In her adult life, Marton has written eight bestselling novels. UCSB religious studies professor Richard Hecht, who moderated the event, said, “She can tell a story and make you feel like you are there with her and her subjects.”
Marton has also been a reporter for a long list of impressive media outlets, including ABC News, Public Broadcasting Service, National Public Radio, The New Yorker, Atlantic Monthly, The Times of London, The Washington Post, The Wall Street Journal, Newsweek, Vanity Fair, and The New Republic.
When Marton is not busy being a bestselling author or an award-winning journalist, she is an international human rights advocate. Marton has worked with the International Women’s Health Coalition, Office of the Special Representative for Children and Armed Conflict at the United Nations, Human Rights Watch, the Committee to Protect Journalists, the International Rescue Committee, the New America Foundation, the Council on Foreign Relations, P.E.N. International, the Authors Guild, and is on the board for Central European University.
Marton came to UCSB through the Herman P. and Sophia Taubman Foundation Endowed Symposia in Jewish Studies to discuss her book, “The Great Escape.” Marton said to the crowd at Corwin Pavilion, “The story that I’m about to tell you is absolutely familiar to me. The lives of the men that I portray in ‘The Great Escape,’ nine extraordinary men from my home town of Budapest who in no exaggeration I can say changed our world, changed America.”

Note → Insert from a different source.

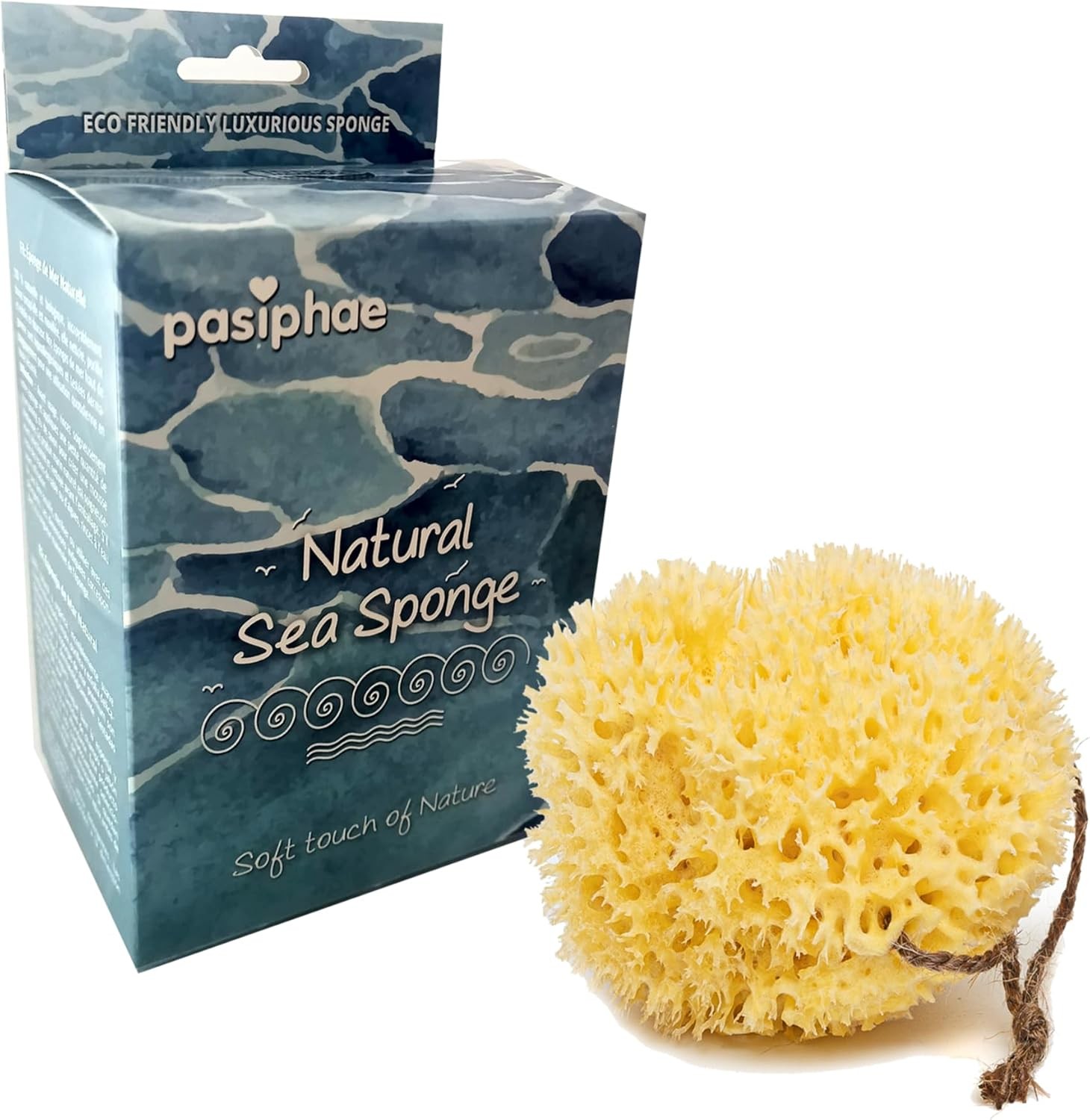 Pasiphae Natural Soft Loofah Sea Sponge,Yellow Honeycomb Body Sponge on a Rope

Marton’s book is allows us a glimpse into the lives of nine men who were born in Budapest, Hungary around 1900, a time when the city was one of the fastest growing cities in the world. This rapid growth called for human capitol, and it was one of the first times in history where Jews were able to reach their high ambitions. This generation was well aware of the rare opportunity they were receiving and took full advantage of it. She counted 14 Nobel laureates produced in Hungary, as well as several of the most influential musicians and conductors of the 20th century.
“Like the nine men I portray, I am very aware I wasn’t born into this society,” said Marton. She says a “darkness fell” over Europe in 1920 when Hungary passed the first anti-Semitic legislation. Following the legislation, each of the nine men made their way away from the grasp of Hitler and on to America.

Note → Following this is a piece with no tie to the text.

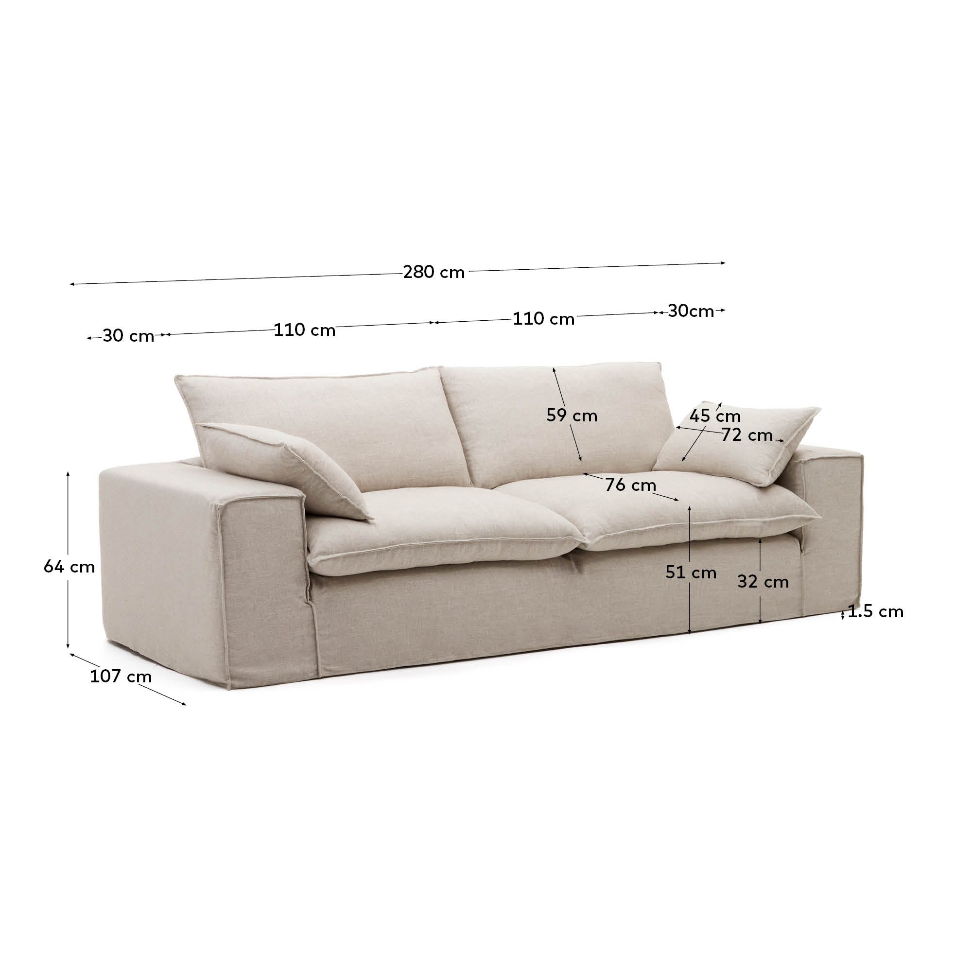 3-Sitzer-Sofa mit abnehmbarem Aarela Beige Cover

The grand men Marton speaks of include Leo Szilard, Edward Teller, and Eugene Wigner, scientists who enlisted the help of Albert Einstein to alert Roosevelt of Germany’s attempts to build the atomic bomb and became involved with the Manhattan Project. John von Neuman was also very involved in the Manhattan Project, and is well known for his work in developing computers. She spoke of Arthur Koestler, a prominent author who wrote the book “Darkness at Noon,” which Marton describes as “tearing the face off socialism.” She mentioned Robert Capa, the first photographer ashore on D-Day, and Andre Kertesz, who were crucial in the development of photojournalism. She spoke about Alexander Korda, who made wartime propaganda for Churchill, and lastly, Michael Curtiz who made classic films such as “Casablanca.”

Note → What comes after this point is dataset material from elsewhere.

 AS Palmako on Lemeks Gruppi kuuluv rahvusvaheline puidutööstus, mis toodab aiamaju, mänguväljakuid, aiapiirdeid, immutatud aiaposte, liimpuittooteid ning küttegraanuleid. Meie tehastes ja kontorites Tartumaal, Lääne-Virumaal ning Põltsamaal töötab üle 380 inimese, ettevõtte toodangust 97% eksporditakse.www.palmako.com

Just as communism had uprooted her family, fascism had uprooted the men she has chosen to commemorate in her book. “The story of these men was really in my bloodstream,” she said. Marton was able to relate to their feeling of loneliness that can only result from exile from one’s home country. This trauma was what helped motivate these men to do great things, according to Marton. Although they may have never been truly happy, Marton says, “the gifts that they left us and the lives that they lived were absolutely breathtaking.”
Marton has lived such an involved life because she believes, “We are more or less duty bound to take part in the big issues of the day.” According to Marton, Hungary needs help accepting their history, and her book serves as a window into its past. She said, “History is who we are, and we owe it to the next generation to teach them history.”